Supporting vendor specific protocols only really makes sense, if we actually make use of their distinctive features. But as we are supporting them through a generic API, we don't do this. The downside would be, that this is breaking change.

It is probably safe to say that OpenTelemetry won the format war on telemetry (at least for the time being, until the next big thing comes). At some point most - if not all - metrics consumers/sink will either support it or become irrelevant.

We could also use the chance to clean up the existing metrics:

  • use labels instead of dynamic names (as discussed on GitHub)
  • define an API for plugins to expose metrics, with proper namespacing
  • etc.

We can also mark the new metrics as experimental at first, which would give us the flexibility to iterate on them for a few releases while gathering feedback.

User Migration Path

We should first add the OpenTelemetry based metrics and deprecate the go-metrics in one release and in later releases remove them all together.

Circonus

Circonus was acquired by Apica in February 2024.

Citing Apica:

As a leader in this space, Apica recognizes that OpenTelemetry isn’t just a trend—it’s becoming the foundation of modern observability strategies. https://www.apica.io/blog/opentelemetry-the-foundation-of-modern-observability-strategy/

This sound a bit like Circonus proprietary APIs might even get deprecated at some point in favor of OpenTelemetry and we should be fine.

Datadog

Datadog supports OpenTelemetry

Stackdriver (now called Google Cloud Observability)

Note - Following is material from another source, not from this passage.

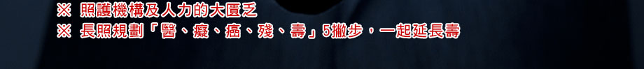 【即將上線,敬請期待】-照護機構及人力的大匱乏 長照規劃「醫、癡、癌、殘、壽」5撇步,一起延長壽

Google Cloud Observability supports OpenTelemetry

Statsd

One could use Vector with an OpenTelemetry Source and a Statsd Sink (untested).

Statsite

Statsite is a metrics aggregation server. Statsite is based heavily on Etsy'ss StatsD https://github.com/etsy/statsd, and is wire compatible. https://github.com/statsite/statsite/

Being wire compatible with Statsd means the same solution should work there.

The last release was in 2016, the last commit in 2019, so the project might be dead anyway.

Raft metrics

The raft library used by OpenBao uses go-metric directly. To preserve its metrics we can register a custom sink and re-expose them via the OpenTelemetry API.